## Your task
Look through the records below for the line with "The video shows" and the line with "mCaffeine Green Tea", then return those lines and all lines between, exactly.

## Source material
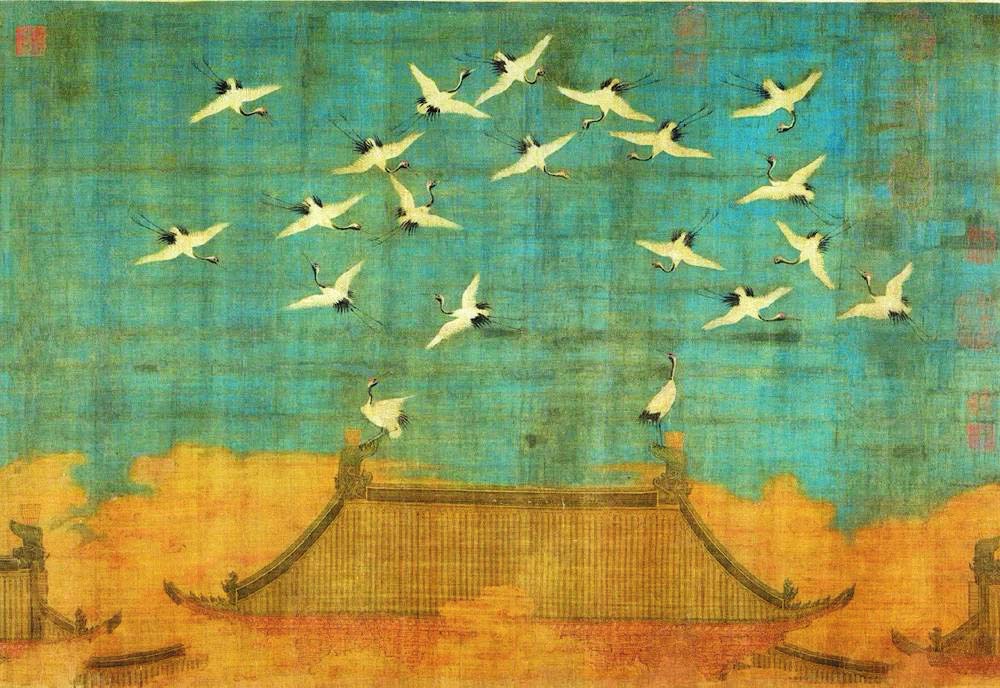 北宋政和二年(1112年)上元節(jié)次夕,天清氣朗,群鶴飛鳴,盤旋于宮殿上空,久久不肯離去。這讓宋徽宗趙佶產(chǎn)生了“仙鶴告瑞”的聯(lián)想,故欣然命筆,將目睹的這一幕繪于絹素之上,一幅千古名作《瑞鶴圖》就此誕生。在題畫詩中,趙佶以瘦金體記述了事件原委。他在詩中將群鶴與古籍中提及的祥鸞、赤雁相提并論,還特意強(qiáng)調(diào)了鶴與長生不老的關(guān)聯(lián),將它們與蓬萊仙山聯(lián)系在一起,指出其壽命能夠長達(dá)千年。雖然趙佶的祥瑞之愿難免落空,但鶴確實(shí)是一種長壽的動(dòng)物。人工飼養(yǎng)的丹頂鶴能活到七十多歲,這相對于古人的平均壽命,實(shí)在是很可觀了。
==
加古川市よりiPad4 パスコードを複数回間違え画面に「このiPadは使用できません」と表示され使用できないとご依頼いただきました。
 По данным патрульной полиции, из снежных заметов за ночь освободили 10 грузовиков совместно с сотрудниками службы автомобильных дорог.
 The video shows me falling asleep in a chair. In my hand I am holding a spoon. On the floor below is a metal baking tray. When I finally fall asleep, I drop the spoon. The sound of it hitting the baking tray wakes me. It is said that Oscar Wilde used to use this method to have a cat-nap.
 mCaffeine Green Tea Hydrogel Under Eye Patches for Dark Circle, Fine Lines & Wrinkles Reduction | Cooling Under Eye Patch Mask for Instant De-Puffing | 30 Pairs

## Worked solution
 The video shows me falling asleep in a chair. In my hand I am holding a spoon. On the floor below is a metal baking tray. When I finally fall asleep, I drop the spoon. The sound of it hitting the baking tray wakes me. It is said that Oscar Wilde used to use this method to have a cat-nap.
 mCaffeine Green Tea Hydrogel Under Eye Patches for Dark Circle, Fine Lines & Wrinkles Reduction | Cooling Under Eye Patch Mask for Instant De-Puffing | 30 Pairs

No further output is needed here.